Iconic car maker could follow MG Rover to Far East
Legendary British sports car firm Lotus is under threat of being sold to China, MPs have warned. In a repeat of the MG Rover fiasco, they fear up to 1,400 UK jobs could be lost and the 60-year-old business exported lock, stock
and barrel to the communist People’s Republic.
Lotus was sold 16 years ago to Malaysian car-maker Proton which developed and nurtured the firm.
This year, it was on the brink of a massive £500million expansion when a new and bigger set of Malaysian owners – the industrial conglomerate DRB-Hicom – took it over.

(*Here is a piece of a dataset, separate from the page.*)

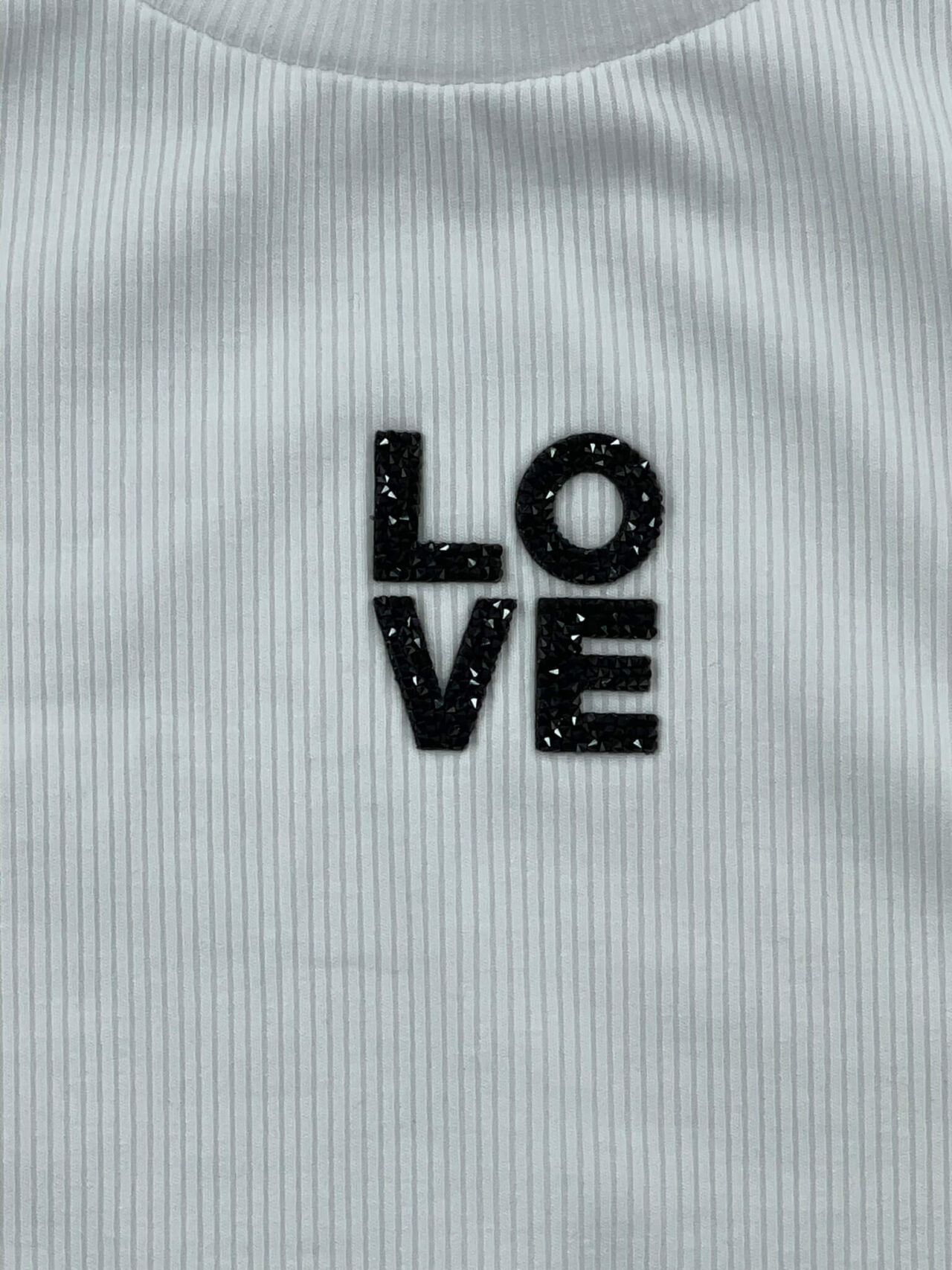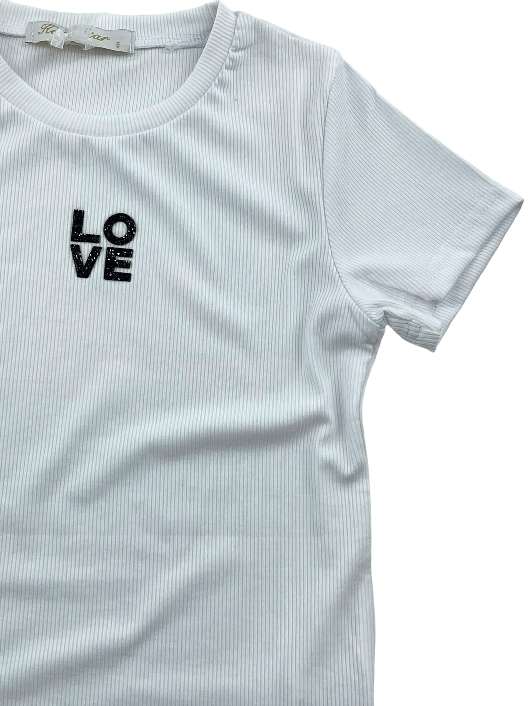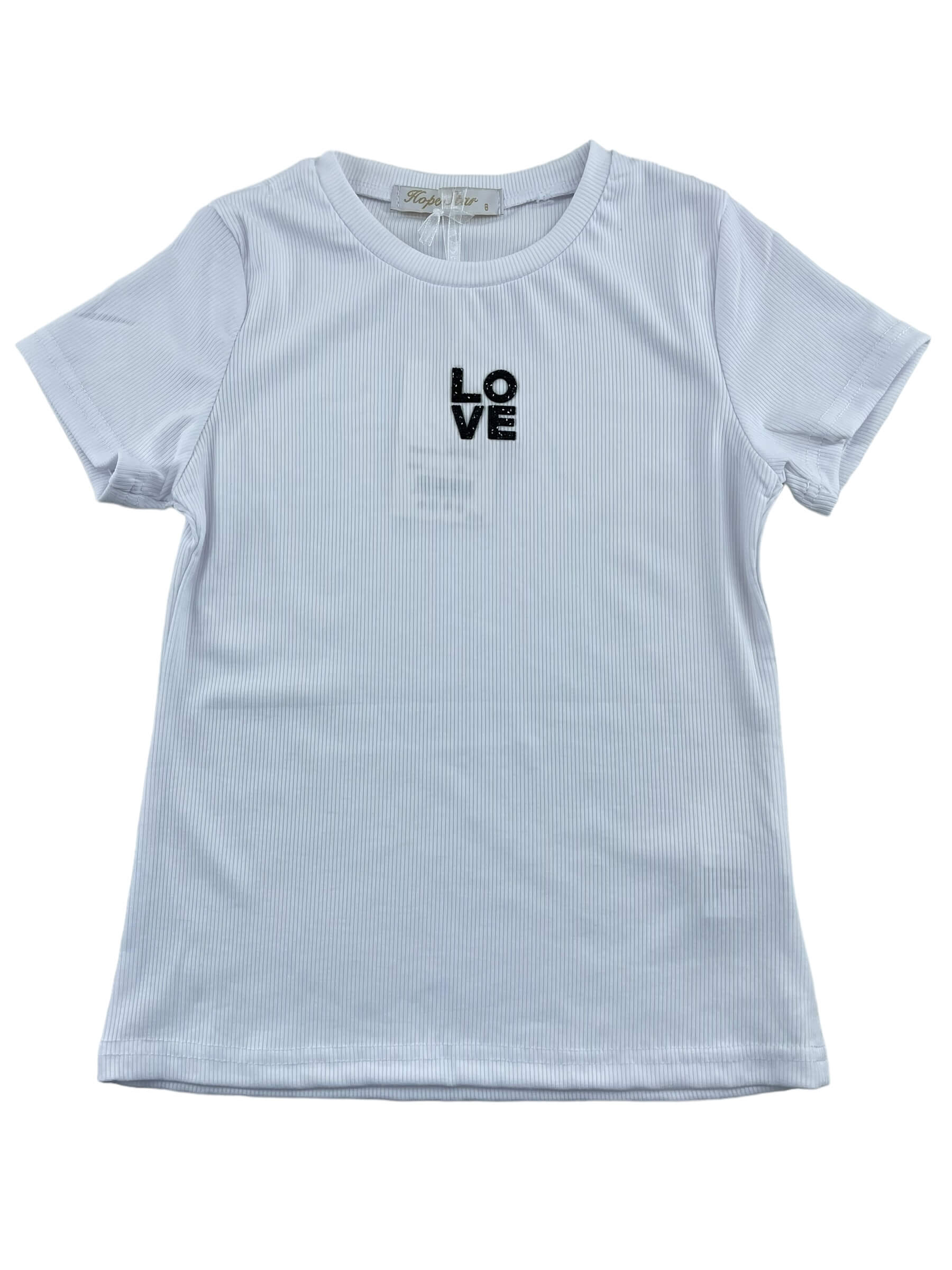 Μπλουζάκι κορίτσι μονόχρωμο ριπ ελαστικό,λαιμόκοψη με στρασάκια love στο εμπρός μέρος ίσια γραμμή.Κοντό μανίκι.

This business, however, is said to have little interest in making Lotus cars and has appointed City firm KPMG to find a potential Chinese buyer, Parliament has been told.
DRB-Hicom insists no decision has been taken on Lotus’s future. But it will not rule out a sell-off. Lotus chief executive Dany Bahar, on a pay and bonus package worth £1.2million, had his employment extended in December, just a month before the Malaysian deal was revealed.
It now includes a controversial bonus clause worth millions of pounds in the event of a sell-off which MPs were told means he is ‘incentivised to sell Lotus’.
Conservative MP for South Norfolk Richard Bacon told Parliament up to 1,400 British jobs are at risk if the UK factory in Hethel, Norfolk, is dismantled and production moved to the Far East.
Ministers pledged to ‘keep Lotus in Britain’ when Mr Bacon was granted a Commons’ debate on the issue late on Tuesday.
Mr Bacon said: ‘The fact that KPMG has been appointed with a mandate to sell Group Lotus to the Chinese is not an encouraging sign.’
Business Secretary Vince Cable raised concerns with Mr Bahar on Tuesday – less than a day after the car boss’s return from Beijing where he unveiled a new model specifically for China.
The company has struggled to make a profit in recent years and it recorded pre-tax losses of £26.1million last year.
Mr Bacon said industry experts have warned him of a ‘worst case scenario’ in which Group Lotus would be put into administration, allowing a Chinese buyer to acquire it cheaply – as happened when MG Rover collapsed in 2005, with the loss of 6,000 jobs.
The Longbridge production line was shipped to China, leaving just a rump of car assembly at the Birmingham plant.
Lotus strenuously denied suggestions that a ‘fire sale’ strategy was being contemplated, or that it could be put into administration, but bosses have not ruled out selling the firm.
Group Lotus has an ambitious five-year expansion plan for the Hethel plant, which would create 1,000 jobs, and the Government rubber-stamped a £10million taxpayer-funded grant last year.
But that regional growth fund grant is now on hold while Lotus’s new Malaysian owner decides its future.
Prospective bidders are likely to include China Youngman, which has been Lotus’s importer in China for the past five year.
Business Minister Mark Prisk said Lotus ‘must remain in Britain’, adding: ‘Ministers at the very highest level are taking this matter very seriously. We are working to make sure the new owners understand Norfolk is the home of Lotus.’
The Government remains ready to press ahead with its £10million grant to Lotus – but only if the expansion plans for the UK go ahead.
Norfolk Council leader Derrick Murphy said: ‘It is important we continue to press the case for the company as so many livelihoods depend on Lotus being based here in Norfolk.’
Lotus said: ‘Dany Bahar remains totally committed to Lotus. His overriding priority is securing the future of the company and protecting its employees.’